_Input for this task:_

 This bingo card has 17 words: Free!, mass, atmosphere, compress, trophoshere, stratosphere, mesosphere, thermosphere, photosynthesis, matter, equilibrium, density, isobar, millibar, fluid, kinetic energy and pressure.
* * *
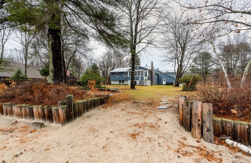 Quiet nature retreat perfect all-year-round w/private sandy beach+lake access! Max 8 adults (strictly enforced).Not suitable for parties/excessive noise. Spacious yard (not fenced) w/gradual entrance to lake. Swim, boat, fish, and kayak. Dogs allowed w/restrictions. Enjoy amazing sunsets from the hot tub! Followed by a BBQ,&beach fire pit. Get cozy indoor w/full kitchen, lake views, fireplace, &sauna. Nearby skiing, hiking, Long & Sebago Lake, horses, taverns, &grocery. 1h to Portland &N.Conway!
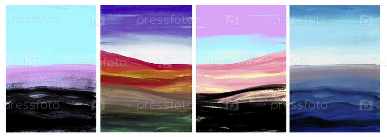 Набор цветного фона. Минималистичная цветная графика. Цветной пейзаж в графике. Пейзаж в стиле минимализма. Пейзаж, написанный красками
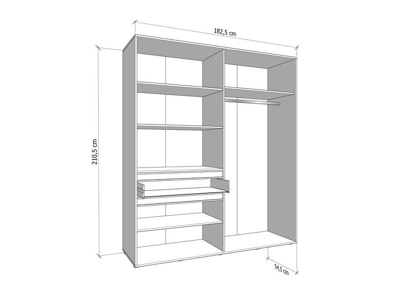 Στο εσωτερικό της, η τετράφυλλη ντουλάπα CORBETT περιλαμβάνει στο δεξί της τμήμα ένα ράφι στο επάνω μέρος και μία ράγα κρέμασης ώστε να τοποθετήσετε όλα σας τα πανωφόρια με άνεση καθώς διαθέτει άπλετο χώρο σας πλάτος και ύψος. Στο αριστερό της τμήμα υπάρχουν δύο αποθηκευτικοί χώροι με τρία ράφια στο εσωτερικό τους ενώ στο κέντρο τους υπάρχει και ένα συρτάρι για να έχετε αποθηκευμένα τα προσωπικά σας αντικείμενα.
* * *
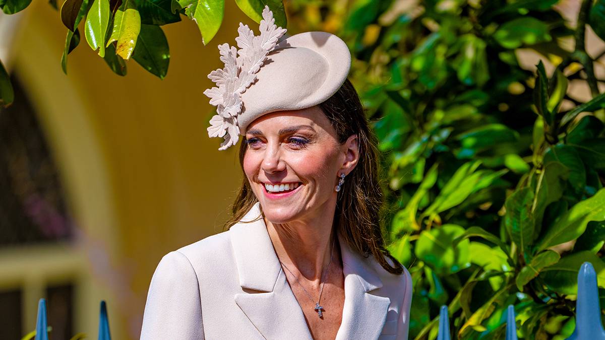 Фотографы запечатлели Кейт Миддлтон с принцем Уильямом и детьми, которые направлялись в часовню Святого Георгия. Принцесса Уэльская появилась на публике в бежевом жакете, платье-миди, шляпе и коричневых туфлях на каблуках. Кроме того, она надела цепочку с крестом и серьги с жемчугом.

_Prompt:_
Would you give again, exactly, the lines in the data above that run from the line containing "Набор цветного фона." to the line containing "Στο εσωτερικό της, η"? Include both ends and no pictures.

_Task result:_
 Набор цветного фона. Минималистичная цветная графика. Цветной пейзаж в графике. Пейзаж в стиле минимализма. Пейзаж, написанный красками
 Στο εσωτερικό της, η τετράφυλλη ντουλάπα CORBETT περιλαμβάνει στο δεξί της τμήμα ένα ράφι στο επάνω μέρος και μία ράγα κρέμασης ώστε να τοποθετήσετε όλα σας τα πανωφόρια με άνεση καθώς διαθέτει άπλετο χώρο σας πλάτος και ύψος. Στο αριστερό της τμήμα υπάρχουν δύο αποθηκευτικοί χώροι με τρία ράφια στο εσωτερικό τους ενώ στο κέντρο τους υπάρχει και ένα συρτάρι για να έχετε αποθηκευμένα τα προσωπικά σας αντικείμενα.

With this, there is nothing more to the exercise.